These rosemary beer brined chicken drumsticks are a fresh, flavorful way to enjoy chicken this summer, and you only need 5 ingredients to make the super simple brine. Grill them or bake them. Makes enough brine for 8 drumsticks.
We have been loving our grill lately. Not having a/c during a few major heatwaves will pretty much force you to get used to grilling, but I’ve been having so much fun testing out grilling recipes that I’m planning to keep it up even after we remedy this air conditioning situation. We’ve been literally grilling everything, even spaghetti squash.
Chicken drumsticks have been on repeat in our house because they’re kid friendly and they’re super versatile. They’re also less likely to dry out than traditional chicken breast, but I still love brining them for additional flavor. Grilling them really takes them to a whole new level by getting the skin nice and crispy, with gorgeous grill marks. Of course, you can totally make these in the oven, but if you have the option to grill, please do.
How to make beer brined chicken drumsticks
To brine your drumsticks, add your brine ingredients and chicken to a large zip-top bag and shake it well. You don’t even need to dirty a whisk *affiliate link or spoon. Just make sure push most of the air out of the bag before sealing. To make things even easier, try putting your zip-top bag into a large bowl while you’re adding all of the ingredients.
How long should you brine chicken?
Ideally, you want to brine your chicken overnight. If you don’t have time for that don’t worry. Just get your chicken in the brine as soon as you can. I typically do it the morning I plan on cooking it. This gives it plenty of time to sit in the brine, but I recommend a minimum of one hour to get the flavor to take hold.
Once your chicken has brined long enough, remove it from the bag and discard the brine. Whatever you do, please don’t wash or rinse your chicken. Just pat it dry before grilling or roasting.
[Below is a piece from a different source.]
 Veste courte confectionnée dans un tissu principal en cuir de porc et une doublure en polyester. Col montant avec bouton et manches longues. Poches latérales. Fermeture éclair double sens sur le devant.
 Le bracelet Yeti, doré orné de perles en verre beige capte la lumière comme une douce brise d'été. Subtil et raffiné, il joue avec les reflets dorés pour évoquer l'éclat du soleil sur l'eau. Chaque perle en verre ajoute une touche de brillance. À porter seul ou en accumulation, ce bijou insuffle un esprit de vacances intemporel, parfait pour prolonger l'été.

If you want to grill them:
Preheat your grill to medium indirect heat (about 400˚F). That means you don’t want the heat source directly underneath the food. This will prevent flare ups and burnt chicken. Grill your chicken for about 15 minutes per side, or until the internal temperature reaches 165˚F.
Always use a meat thermometer if you aren’t sure your chicken is fully cooked.
If you want to bake them:
If you want to bake them in the oven, preheat your oven to 400˚F. Line your baking dish with parchment paper *affiliate link or non-stick aluminum foil. Bake for 30 – 40 minutes, turning once to make sure you get crispy skin. Bake the chicken until it reaches and internal temperature of 165˚F.
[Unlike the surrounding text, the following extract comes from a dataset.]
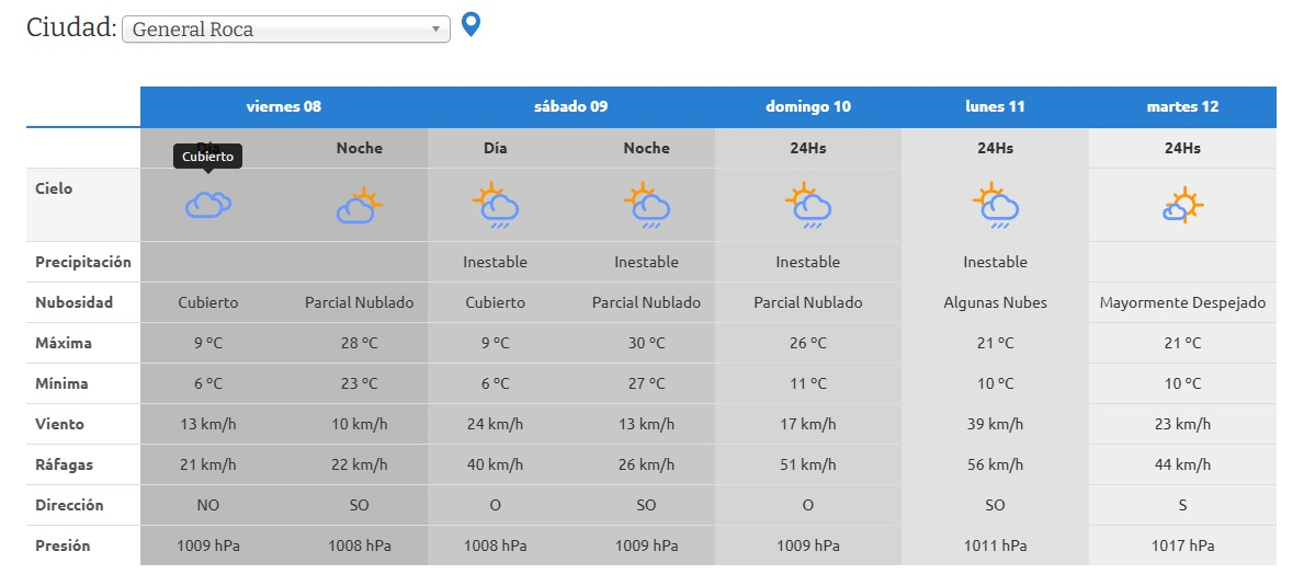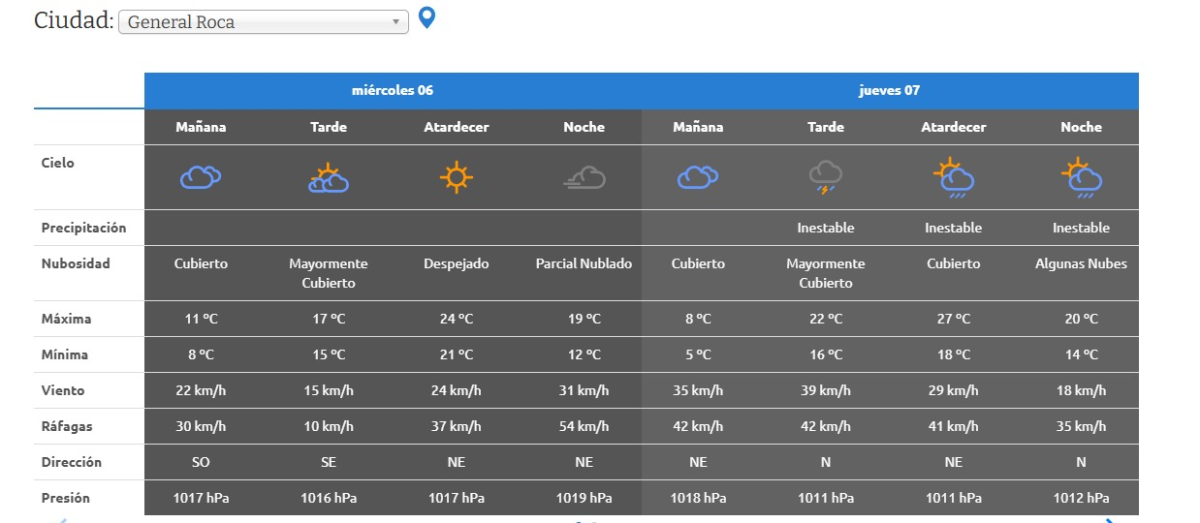 El clima en el Alto Valle de Río Negro, Roca, se presentarán con condiciones inestables y ráfagas de viento intensas. Durante este miércoles, el cielo estará mayormente cubierto en la tarde. Se prevé una temperatura máxima de 24°C. Las ráfagas llegarán a 54 km/h por la noche.

I think chicken always takes a little longer in the oven than it does on the grill, but I think it’s just a matter of the skin not getting as crispy. Since dark meat tends to be a little more forgiving than white meat, I prefer to leave it in a little longer.
- 8 chicken drumsticks
- 1 12-ounce honey blonde ale
- 1 tablespoon minced garlic
- 1 tablespoon salt
- 1 tablespoon Dijon mustard
- 1 large rosemary sprig, stem removed, chopped
- Combine all ingredients in a large bowl or zip top bag. Shake to mix ingredients. Refrigerate until ready to grill.
- Remove chicken from brine and pat dry.
To grill drumsticks:
Preheat grill for medium indirect heat. Grill drumsticks for about 30 minutes, turning once to prevent burning, or until internal temperature reaches 165˚F. Remove from grill and let rest for about 5 minutes before serving.
To bake drumsticks:
Preheat oven to 400˚F. Bake for 30 – 35 minutes, or until internal temperature reaches 165˚F. Remove from oven and let rest for about 5 minutes before serving.